Phước also performed songs by activists, including "Vietnam Path" and "A Big Circus Troupe in a Small Homeland".

On 8 September 2022, Phước wrote a Facebook post in support of Bui Tuan Lam, who had been arrested the day before by provincial police in Da Nang. Two hours later, police in Đắk Lắk arrested Phước and charged him with conducting propaganda against the state, against article 117 of the penal code. Following his arrest, his wife Hàwas interrogated on at least two occasions about posts he had made on Facebook. The state-owned Daklak newspaper reported that Phước had shared over 200 articles online attacking the government.

Phước was sentenced to eight years imprisonment for criticising the Vietnamese government and "conducting anti-state propaganda" on 6 June 2023, alongside four years of probation following his release. Phước disputed the verdict and proclaimed his innocence. He is serving his sentence at Xuan Phước Prison in Phu Yen province.

Phước appealed his sentence. On 26 September 2023, the sentence was upheld by the High People's Court in Đắk Lắk, in an appeal that lasted two hours.

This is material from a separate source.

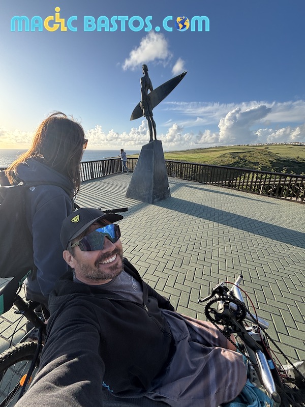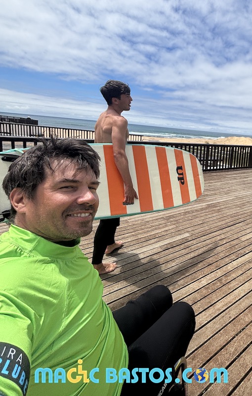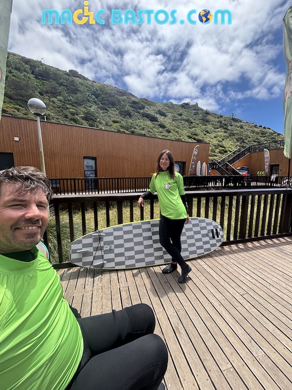 Ils font aussi une session surf. Ils prennent un cours avec l’école Surf With Pepe sur la plage de Ribeiro de l’Ilhas. Ils sont 2 moniteurs pour aider Bastos à rejoindre l’océan et le stabiliser dans les vagues.

In December 2023, Phước's wife Hà reported that local police had installed cameras pointing towards her home. In May 2024, she reported that Phước had been put into solitary confinement for violating unspecified regulations between 10 and 20 May, and that his visitation had been reduced from monthly to every two months until "his attitude improves".

Human Rights Watch called for the charges against Phước to be dropped and for him to be immediately released, accusing Vietnamese authorities of using repressive laws to silence people calling for reform. Radio Free Asia noted that Phước was the 11th activist convicted in Vietnam in 2023.